● **About this task**:
Write out the records once more, exactly, and keep any image out.

Data excerpts
▬▬▬▬▬▬▬▬▬▬

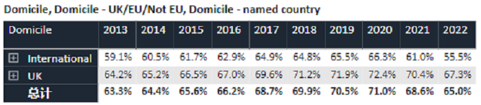 2022年度UCAS共收到了3048480份申請(qǐng),共發(fā)放了1980590份offer,官方公布的offer率約為65%,比前一年下降了3.6%。
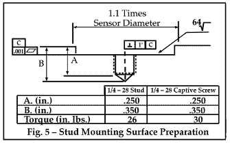 有四種主要方法用于將傳感器連接到預(yù)測性維護中的監(jiān)控位置。它們采用螺柱安裝,粘合劑安裝,磁力安裝以及探針尖端或刺針的使用。每種方法都會影響加速度計的高頻響應(yīng)。螺柱安裝提供***寬的頻率響應(yīng)和***安全可靠的附件。圖5顯示了螺柱安裝傳感器的理想表面準備。
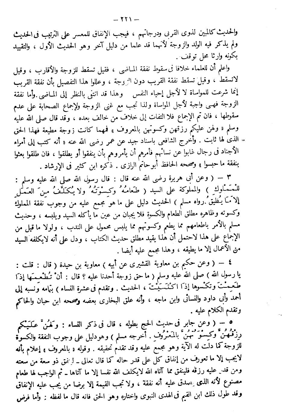2- وعن طارق المحاربي هو طارق بن عبد الله المحاربي بضم المميم وحاء مهملة روى عنه جامع بن شداد وربعي بكسر الراء وسكون الموحدة وكسر العين المهملة وتشديد المثناة التحتية ابن حراش بكسر الحاء المهملة وتخفيف الراء والشين المعجمة قال قدمنا المدينة فإذا رسول الله صلى الله عليه وسلم قائم على المنبر يخطب الناس ويقول: "يد المعطي العليا وابدأ بمن تعول أمك وأباك وأختك وأخاك ثم أدناك فأدناك" رواه النسائي وصححه ابن حبان والدارقطني الحديث كالتفسير لحديث اليد العليا خير من اليد السفلى وفسر في النهاية بالمعطية أو المنفقة واليد السفلى بالمانعة أو السائلة وقوله ابدأ بمن تعول دليل على وجوب الإنفاق على القريب وقد فصله بذكر الأم قبل الأب إلى آخر ما ذكره فدل هذا الترتيب على أن الأم أحق من الأب بالبر قال القاضي عياض وهو مذهب الجمهور ويدل له ما أخرجه البخاري من حديث أبي هريرة فذكر الأم ثلاث مرات ثم ذكر الأب معطوفا بثم فمن لا يجد إلا كفاية لأحد أبويه خص بها الأم للأحاديث هذه وقد نبه القرآن على زيادة حق الأم في قوله: {وَوَصَّيْنَا الإِنْسَانَ بِوَالِدَيْهِ إِحْسَاناً حَمَلَتْهُ أُمُّهُ كُرْهاً وَوَضَعَتْهُ كُرْهاً} وفي قوله وأختك وأخاك ثم أدناك إلى آخره دليل على وجوب الإنفاق للقريب المعسر فإنه تفصيل لقوله وابدأ بمن تعول فجعل الأخ من عياله وإلى هذا ذهب عمر وابن أبي ليلى وأحمد والهادي ولكنه اشترط في البحر أن يكون القريب وارثا مستدلا بقوله تعالى: {وَعَلَى الْوَارِثِ مِثْلُ ذَلِكَ} واللام للجنس وعند الشافعي أن النفقة تجب لفقير غير مكتسب زمنا أو صغيرا أو مجنونا لعجزه عن كفاية نفسه قالوا فإن لم يكن فيه إحدى هذه الصفات الثلاث فأقوال أحسنها تجب لأنه يقبح أن يكلف التكسب مع اتساع مال قريبه والثاني المنع للقدرة على الكسب فإنه نازل منزلة المال الثالث أنه يجب نفقة الأصل على الفرع دون العكس لأنه ليس من المصاحبة بالمعروف أن يكلف أصله التكسب مع علو السن وعند الحنفية يلزم التكسب لقريب محرم فقير عاجز عن الكسب بقدر الإرث هكذا في كتب الفريقين وفي البحر نقل عنهم ما يخالف هذا وهذه أقوال لم يسفر فيها وجه الاستدلال وفي قوله تعالى: {وَآتِ ذَا الْقُرْبَى حَقَّهُ} ما يشعر بأن للقريب حقا على قريبه والحقوق متفاوته فمع حاجته للنفقة تجب ومع عدمها فحقه الإحسان بغيرها من البر والإكرام
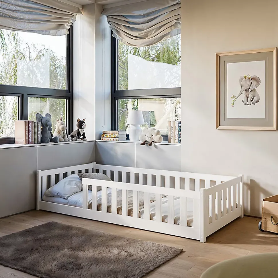 Lit au sol 90×200 sommier inclus Maya Blanc
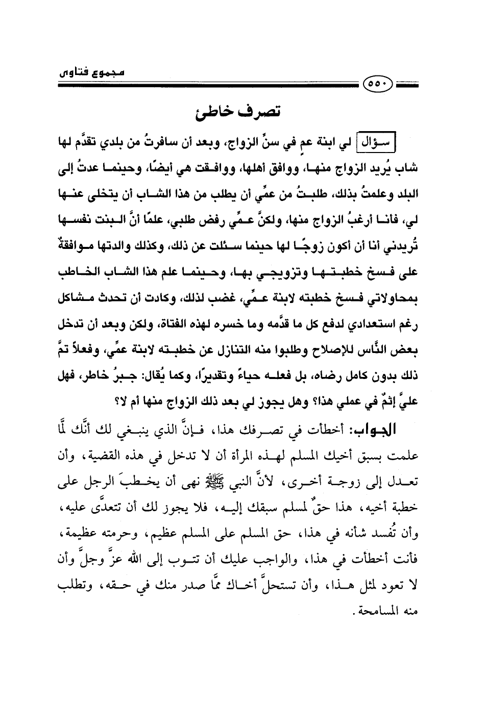 سؤال: لي ابنة عم في سن الزواج، وبعد أن سافرت من بلدي تقدم لها شاب يريد الزواج منها، ووافق أهلها، ووافقت هي أيضًا، وحينما عدت إلى البلد وعلمت بذلك، طلبت من عمي أن يطلب من هذا الشاب أن يتخلى عنها لي، فأنا أرغب الزواج منها، ولكن عمي رفض طلبي، علمًا أن البنت نفسها تريدني أنا أن أكون زوجًا لها حينما سئلت عن ذلك، وكذلك والدتها موافقة على فسخ خطبتها وتزويجي بها، وحينما علم هذا الشاب الخاطب بمحاولاتي فسخ خطبته لابنة عمي، غضب لذلك، وكادت أن تحدث مشاكل رغم استعدادي لدفع كل ما قدمه وما خسره لهذه الفتاة، ولكن وبعد أن تدخل بعض الناس للإصلاح وطلبوا منه التنازل عن خطبته لابنة عمي، وفعلًا تم ذلك بدون كامل رضاه، بل فعله حياءً وتقديرًا، وكما يقال: جبر خاطر، فهل علي إثم في عملي هذا؟ وهل يجوز لي بعد ذلك الزواج منها أم لا؟
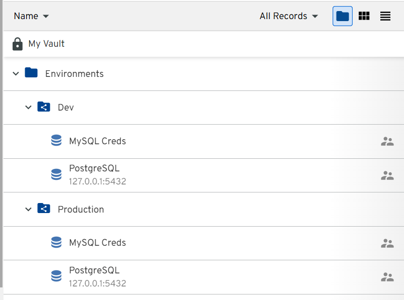 In this example, two shared folders have been created. One for developer environments and one for production. Inside each folder there are identically named records. These records have the same name, but different credentials stored in them.
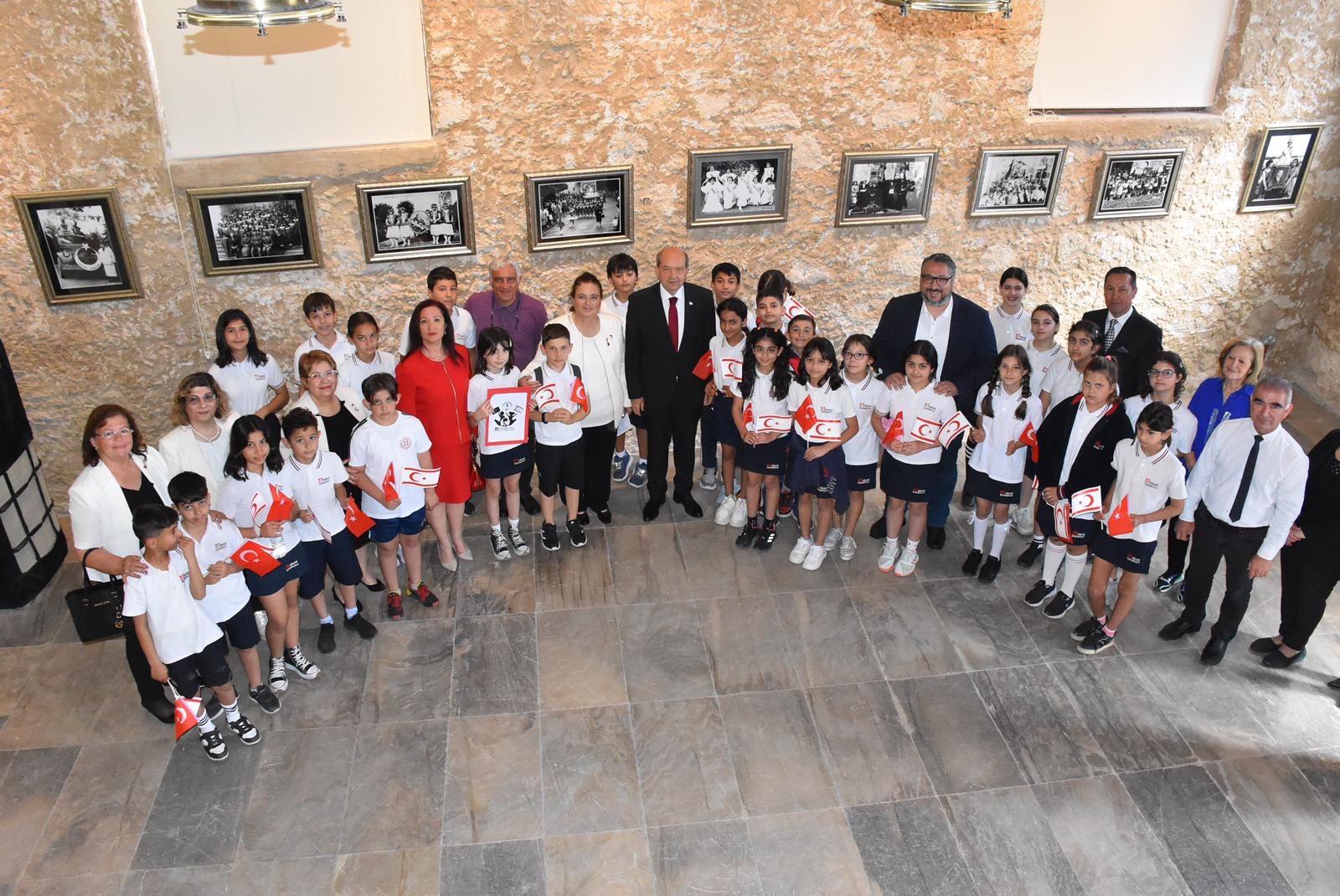 Sözlerine 23 Nisan Ulusal Egemenlik ve Çocuk Bayramı münasebeti ile gerçekleştirilen organizasyonda bulunmaktan dolayı büyük mutluluk duyduğunu vurgulayarak başlayan Cumhurbaşkanı Ersin Tatar, organizasyonun mimarı olan Eriş Ülger ve tüm katkı koyanlara teşekkür etti. Ulu Önder Mustafa Kemal Atatürk’ün 23 Nisan 1920’de, TBMM’nin kuruluş gününde, bu özel günü tüm dünya çocuklarına armağan ettiğini hatırlatan Tatar; küllerinden doğan Türkiye Cumhuriyeti’nin büyüme ve kalkınma dönemi fotoğraflarına ve bu heyecanın çocuklara yansımasına şahitlik ettiklerinin altını çizdi. Bu vesile Ulu Önder Atatürk ve tüm dava arkadaşlarına rahmet ve saygılarını sunan Tatar, açılışta bulunan çocuklara ise Atatürk’ün yolunda gitmenin, onun ilke ve inkılaplarını takip etmenin önemini vurgulayan tavsiyelerde bulundu.
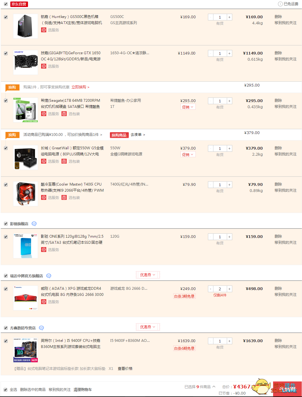 这套配置方案以京东商城目前的价格最终到手为4367元。这样的配置可以应付主流的网游以1080p分辨率下流畅玩,而在《狙击精英V2重制版》中甚至可以以4K分辨率下流畅运行。

▬▬▬▬▬▬▬▬▬▬

● **Result for this task**:
 2022年度UCAS共收到了3048480份申請(qǐng),共發(fā)放了1980590份offer,官方公布的offer率約為65%,比前一年下降了3.6%。
 有四種主要方法用于將傳感器連接到預(yù)測性維護中的監(jiān)控位置。它們采用螺柱安裝,粘合劑安裝,磁力安裝以及探針尖端或刺針的使用。每種方法都會影響加速度計的高頻響應(yīng)。螺柱安裝提供***寬的頻率響應(yīng)和***安全可靠的附件。圖5顯示了螺柱安裝傳感器的理想表面準備。
2- وعن طارق المحاربي هو طارق بن عبد الله المحاربي بضم المميم وحاء مهملة روى عنه جامع بن شداد وربعي بكسر الراء وسكون الموحدة وكسر العين المهملة وتشديد المثناة التحتية ابن حراش بكسر الحاء المهملة وتخفيف الراء والشين المعجمة قال قدمنا المدينة فإذا رسول الله صلى الله عليه وسلم قائم على المنبر يخطب الناس ويقول: "يد المعطي العليا وابدأ بمن تعول أمك وأباك وأختك وأخاك ثم أدناك فأدناك" رواه النسائي وصححه ابن حبان والدارقطني الحديث كالتفسير لحديث اليد العليا خير من اليد السفلى وفسر في النهاية بالمعطية أو المنفقة واليد السفلى بالمانعة أو السائلة وقوله ابدأ بمن تعول دليل على وجوب الإنفاق على القريب وقد فصله بذكر الأم قبل الأب إلى آخر ما ذكره فدل هذا الترتيب على أن الأم أحق من الأب بالبر قال القاضي عياض وهو مذهب الجمهور ويدل له ما أخرجه البخاري من حديث أبي هريرة فذكر الأم ثلاث مرات ثم ذكر الأب معطوفا بثم فمن لا يجد إلا كفاية لأحد أبويه خص بها الأم للأحاديث هذه وقد نبه القرآن على زيادة حق الأم في قوله: {وَوَصَّيْنَا الإِنْسَانَ بِوَالِدَيْهِ إِحْسَاناً حَمَلَتْهُ أُمُّهُ كُرْهاً وَوَضَعَتْهُ كُرْهاً} وفي قوله وأختك وأخاك ثم أدناك إلى آخره دليل على وجوب الإنفاق للقريب المعسر فإنه تفصيل لقوله وابدأ بمن تعول فجعل الأخ من عياله وإلى هذا ذهب عمر وابن أبي ليلى وأحمد والهادي ولكنه اشترط في البحر أن يكون القريب وارثا مستدلا بقوله تعالى: {وَعَلَى الْوَارِثِ مِثْلُ ذَلِكَ} واللام للجنس وعند الشافعي أن النفقة تجب لفقير غير مكتسب زمنا أو صغيرا أو مجنونا لعجزه عن كفاية نفسه قالوا فإن لم يكن فيه إحدى هذه الصفات الثلاث فأقوال أحسنها تجب لأنه يقبح أن يكلف التكسب مع اتساع مال قريبه والثاني المنع للقدرة على الكسب فإنه نازل منزلة المال الثالث أنه يجب نفقة الأصل على الفرع دون العكس لأنه ليس من المصاحبة بالمعروف أن يكلف أصله التكسب مع علو السن وعند الحنفية يلزم التكسب لقريب محرم فقير عاجز عن الكسب بقدر الإرث هكذا في كتب الفريقين وفي البحر نقل عنهم ما يخالف هذا وهذه أقوال لم يسفر فيها وجه الاستدلال وفي قوله تعالى: {وَآتِ ذَا الْقُرْبَى حَقَّهُ} ما يشعر بأن للقريب حقا على قريبه والحقوق متفاوته فمع حاجته للنفقة تجب ومع عدمها فحقه الإحسان بغيرها من البر والإكرام
 Lit au sol 90×200 sommier inclus Maya Blanc
 سؤال: لي ابنة عم في سن الزواج، وبعد أن سافرت من بلدي تقدم لها شاب يريد الزواج منها، ووافق أهلها، ووافقت هي أيضًا، وحينما عدت إلى البلد وعلمت بذلك، طلبت من عمي أن يطلب من هذا الشاب أن يتخلى عنها لي، فأنا أرغب الزواج منها، ولكن عمي رفض طلبي، علمًا أن البنت نفسها تريدني أنا أن أكون زوجًا لها حينما سئلت عن ذلك، وكذلك والدتها موافقة على فسخ خطبتها وتزويجي بها، وحينما علم هذا الشاب الخاطب بمحاولاتي فسخ خطبته لابنة عمي، غضب لذلك، وكادت أن تحدث مشاكل رغم استعدادي لدفع كل ما قدمه وما خسره لهذه الفتاة، ولكن وبعد أن تدخل بعض الناس للإصلاح وطلبوا منه التنازل عن خطبته لابنة عمي، وفعلًا تم ذلك بدون كامل رضاه، بل فعله حياءً وتقديرًا، وكما يقال: جبر خاطر، فهل علي إثم في عملي هذا؟ وهل يجوز لي بعد ذلك الزواج منها أم لا؟
 In this example, two shared folders have been created. One for developer environments and one for production. Inside each folder there are identically named records. These records have the same name, but different credentials stored in them.
 Sözlerine 23 Nisan Ulusal Egemenlik ve Çocuk Bayramı münasebeti ile gerçekleştirilen organizasyonda bulunmaktan dolayı büyük mutluluk duyduğunu vurgulayarak başlayan Cumhurbaşkanı Ersin Tatar, organizasyonun mimarı olan Eriş Ülger ve tüm katkı koyanlara teşekkür etti. Ulu Önder Mustafa Kemal Atatürk’ün 23 Nisan 1920’de, TBMM’nin kuruluş gününde, bu özel günü tüm dünya çocuklarına armağan ettiğini hatırlatan Tatar; küllerinden doğan Türkiye Cumhuriyeti’nin büyüme ve kalkınma dönemi fotoğraflarına ve bu heyecanın çocuklara yansımasına şahitlik ettiklerinin altını çizdi. Bu vesile Ulu Önder Atatürk ve tüm dava arkadaşlarına rahmet ve saygılarını sunan Tatar, açılışta bulunan çocuklara ise Atatürk’ün yolunda gitmenin, onun ilke ve inkılaplarını takip etmenin önemini vurgulayan tavsiyelerde bulundu.
 这套配置方案以京东商城目前的价格最终到手为4367元。这样的配置可以应付主流的网游以1080p分辨率下流畅玩,而在《狙击精英V2重制版》中甚至可以以4K分辨率下流畅运行。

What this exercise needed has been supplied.